──────── Data extract

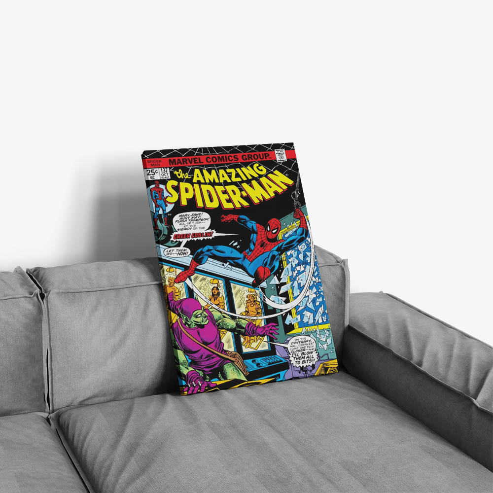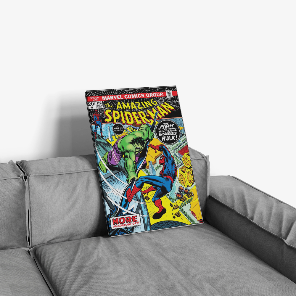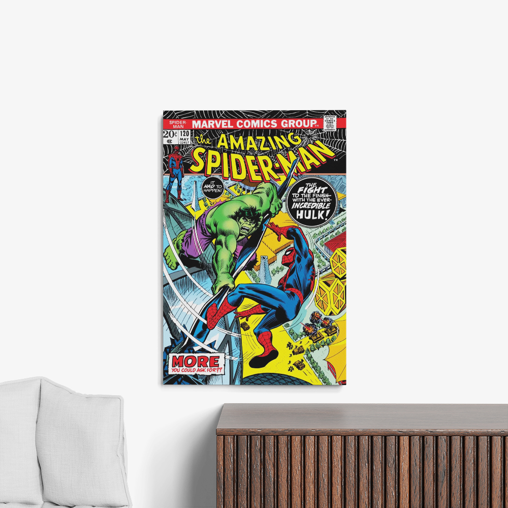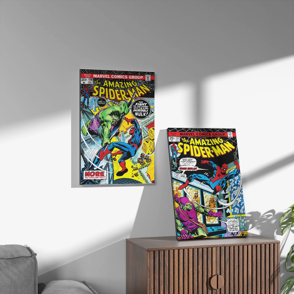 Bring the action of Marvel’s Bronze and Silver Age straight to your walls with this exclusive set of Spider-Man poster designs. Choose from three legendary covers — The Fight and the Fury featuring the Incredible Hulk (Amazing Spider-Man #120), Death-Trap Times Three! with the Green Goblin (Amazing Spider-Man #137), or The Ghost That Haunted Octopus! which includes Doctor Octopus (Amazing Spider-Man #157). Each poster is faithfully recreated on premium canvas for vivid color, durability, and true collector appeal.
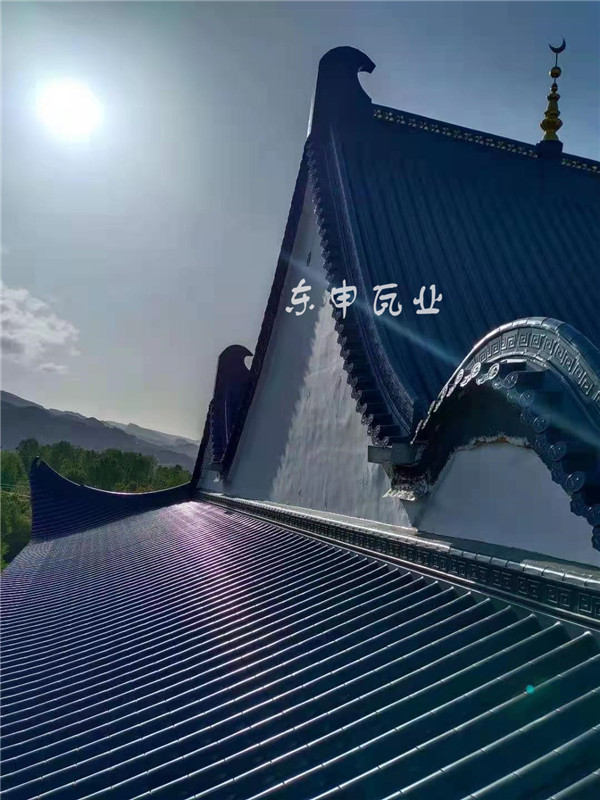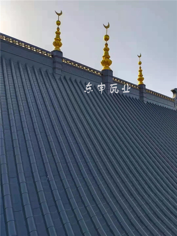 青海省黃南藏族自治州尖扎清真寺屋面改造工程順利完工,采用東申鋁鎂錳合金瓦瓦型2號分體瓦,厚度1.2mm,顏色:灰色;面積約1700平方,新中式仿古風格;感謝主任對東申瓦業的信任;
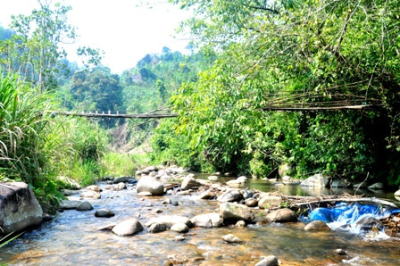 Anh cán bộ huyện cho biết, bây giờ mùa khô, nước suối cạn có thể lội được qua suối nên người dân ít sử dụng cầu treo để đi, còn mùa mưa thì không thể lội suối được nên cầu treo lúc này mới phát huy hiệu quả.

────────────────

Task item:
Copy the line showing "青海省黃南藏族自治州尖扎清真" exactly, along with each line after it through the end of the material above. Pictures stay out.

Exercise output:
 青海省黃南藏族自治州尖扎清真寺屋面改造工程順利完工,采用東申鋁鎂錳合金瓦瓦型2號分體瓦,厚度1.2mm,顏色:灰色;面積約1700平方,新中式仿古風格;感謝主任對東申瓦業的信任;
 Anh cán bộ huyện cho biết, bây giờ mùa khô, nước suối cạn có thể lội được qua suối nên người dân ít sử dụng cầu treo để đi, còn mùa mưa thì không thể lội suối được nên cầu treo lúc này mới phát huy hiệu quả.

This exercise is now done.